TASK OBJECTIVE: Take the lines of the data below from the very first through the line containing "PartyDeco Świeczka urodzinowa" and output them exactly, pictures excluded.

○ ○ ○

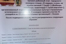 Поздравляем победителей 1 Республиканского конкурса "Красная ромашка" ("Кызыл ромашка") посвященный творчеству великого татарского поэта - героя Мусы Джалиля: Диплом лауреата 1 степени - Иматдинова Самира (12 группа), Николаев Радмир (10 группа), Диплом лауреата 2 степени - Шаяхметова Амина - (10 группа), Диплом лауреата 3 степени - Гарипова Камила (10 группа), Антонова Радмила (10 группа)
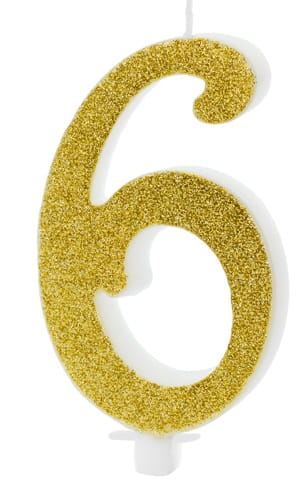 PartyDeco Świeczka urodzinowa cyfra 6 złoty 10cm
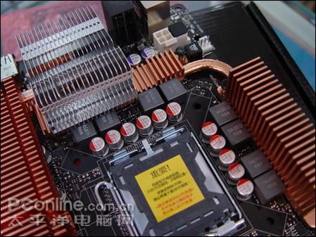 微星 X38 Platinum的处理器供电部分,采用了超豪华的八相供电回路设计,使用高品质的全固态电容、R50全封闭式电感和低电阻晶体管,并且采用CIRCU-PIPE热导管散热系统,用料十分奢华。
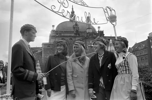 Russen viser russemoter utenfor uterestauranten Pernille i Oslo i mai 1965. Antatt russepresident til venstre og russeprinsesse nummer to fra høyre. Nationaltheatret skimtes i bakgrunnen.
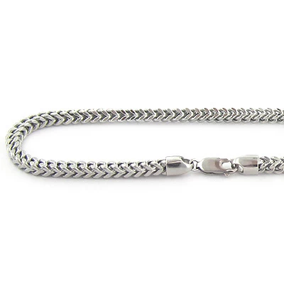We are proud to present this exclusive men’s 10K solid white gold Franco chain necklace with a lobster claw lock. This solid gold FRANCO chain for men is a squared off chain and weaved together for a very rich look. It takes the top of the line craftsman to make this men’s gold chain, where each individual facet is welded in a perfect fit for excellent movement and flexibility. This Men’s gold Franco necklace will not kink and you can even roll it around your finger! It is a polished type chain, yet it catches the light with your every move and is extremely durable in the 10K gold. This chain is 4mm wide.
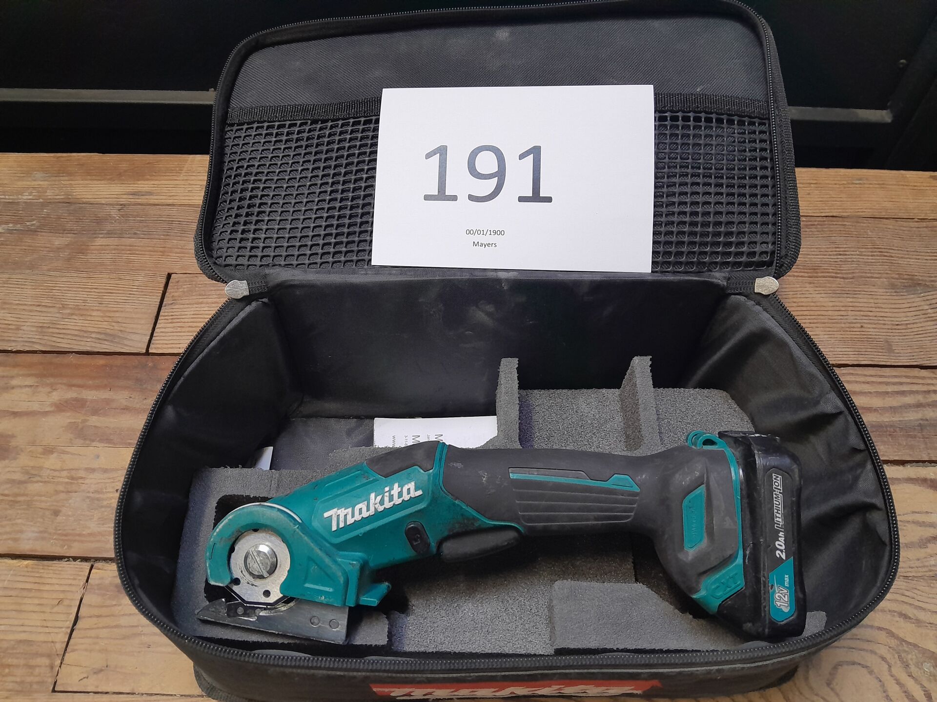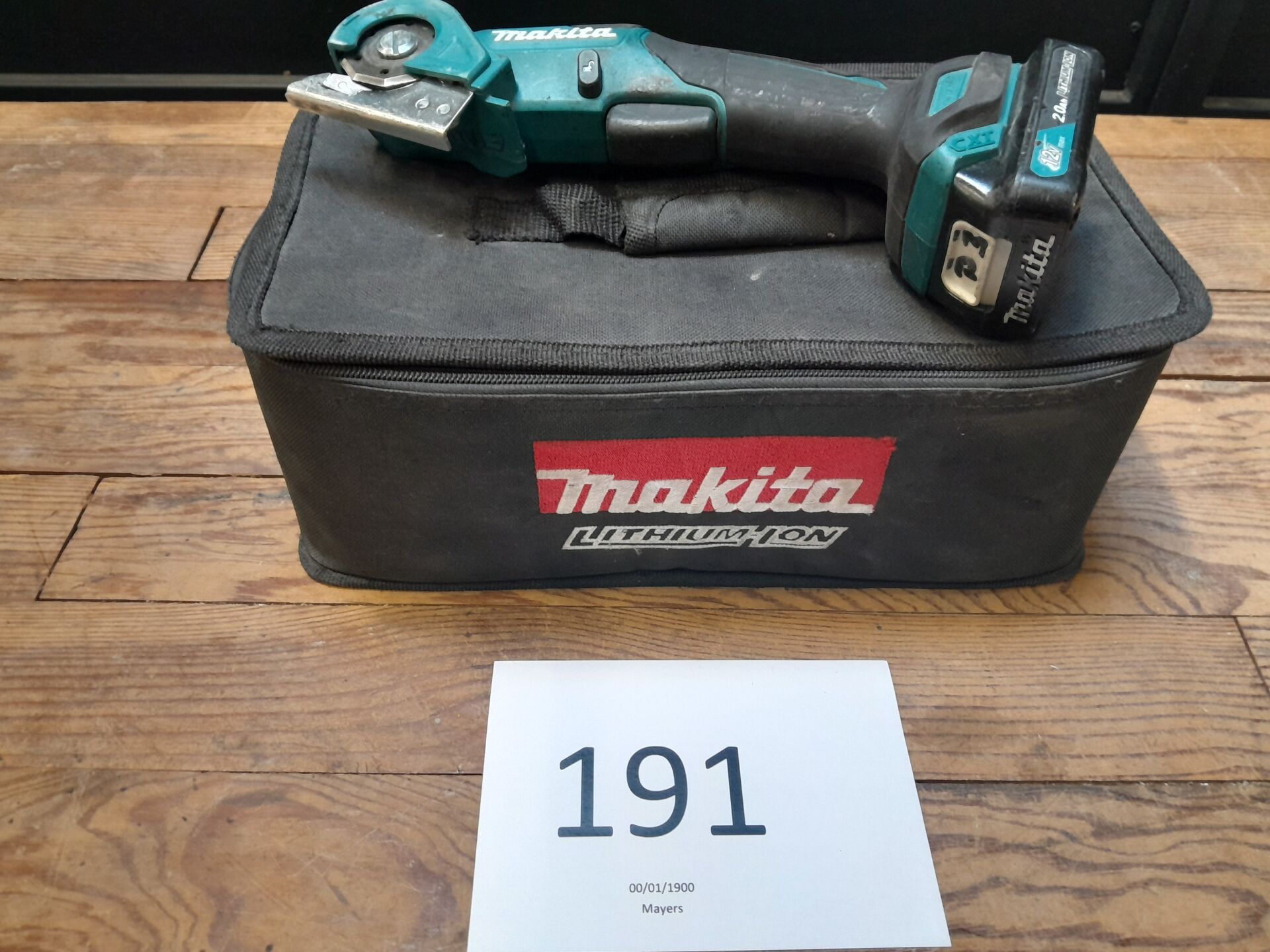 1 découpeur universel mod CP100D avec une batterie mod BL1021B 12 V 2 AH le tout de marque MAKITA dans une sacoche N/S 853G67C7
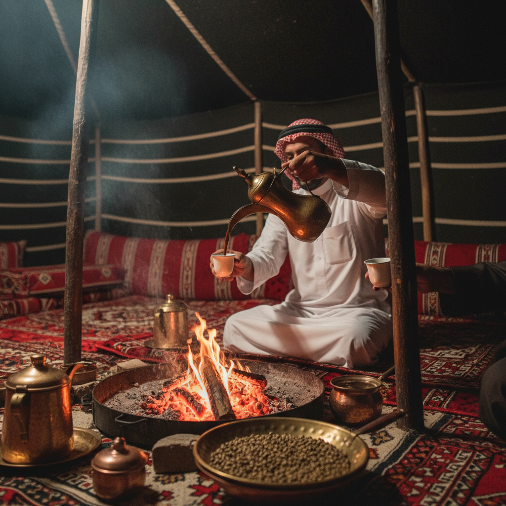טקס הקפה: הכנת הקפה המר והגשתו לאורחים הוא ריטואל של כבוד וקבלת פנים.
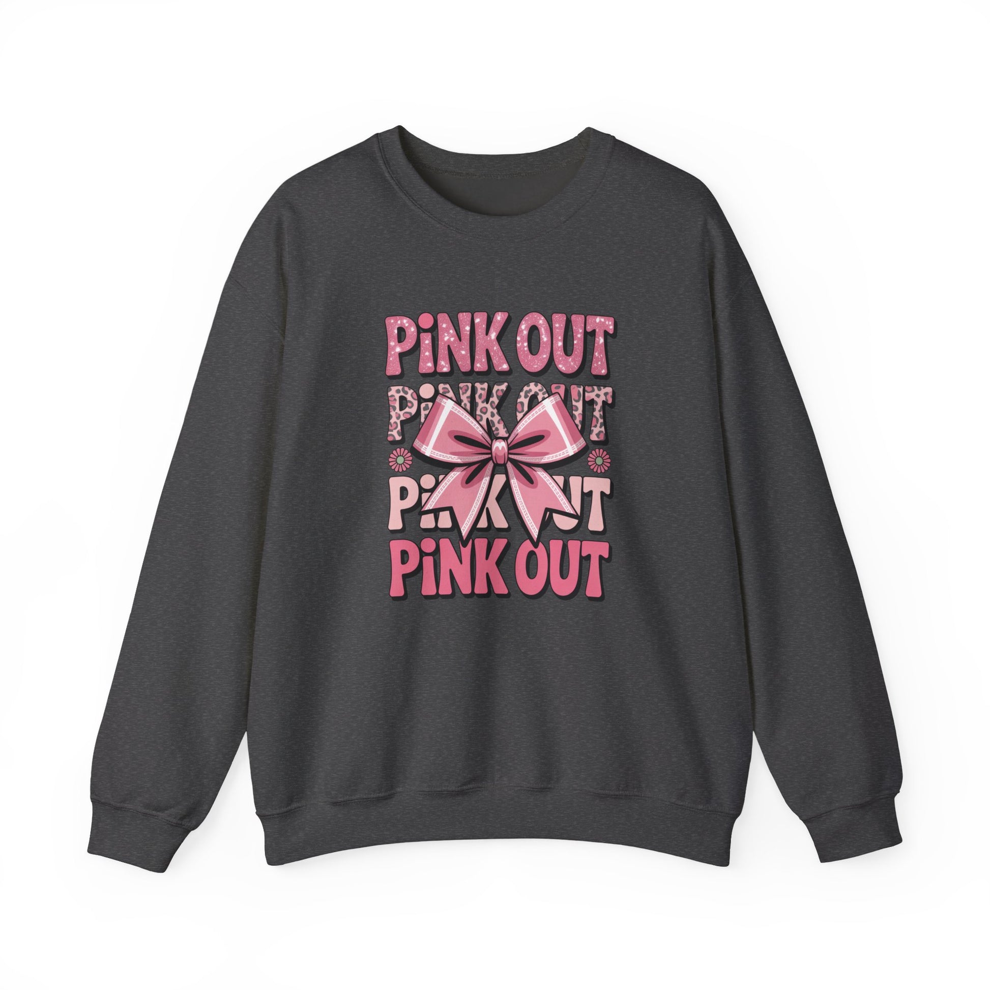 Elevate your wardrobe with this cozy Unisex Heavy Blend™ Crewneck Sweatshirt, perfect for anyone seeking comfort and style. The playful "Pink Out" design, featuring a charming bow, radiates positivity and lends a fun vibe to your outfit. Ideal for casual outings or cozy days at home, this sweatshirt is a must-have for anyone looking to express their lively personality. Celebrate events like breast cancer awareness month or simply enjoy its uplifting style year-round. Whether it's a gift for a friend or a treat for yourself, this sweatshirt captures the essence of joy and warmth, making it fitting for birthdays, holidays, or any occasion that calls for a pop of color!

○ ○ ○

EXERCISE SOLUTION:
 Поздравляем победителей 1 Республиканского конкурса "Красная ромашка" ("Кызыл ромашка") посвященный творчеству великого татарского поэта - героя Мусы Джалиля: Диплом лауреата 1 степени - Иматдинова Самира (12 группа), Николаев Радмир (10 группа), Диплом лауреата 2 степени - Шаяхметова Амина - (10 группа), Диплом лауреата 3 степени - Гарипова Камила (10 группа), Антонова Радмила (10 группа)
 PartyDeco Świeczka urodzinowa cyfra 6 złoty 10cm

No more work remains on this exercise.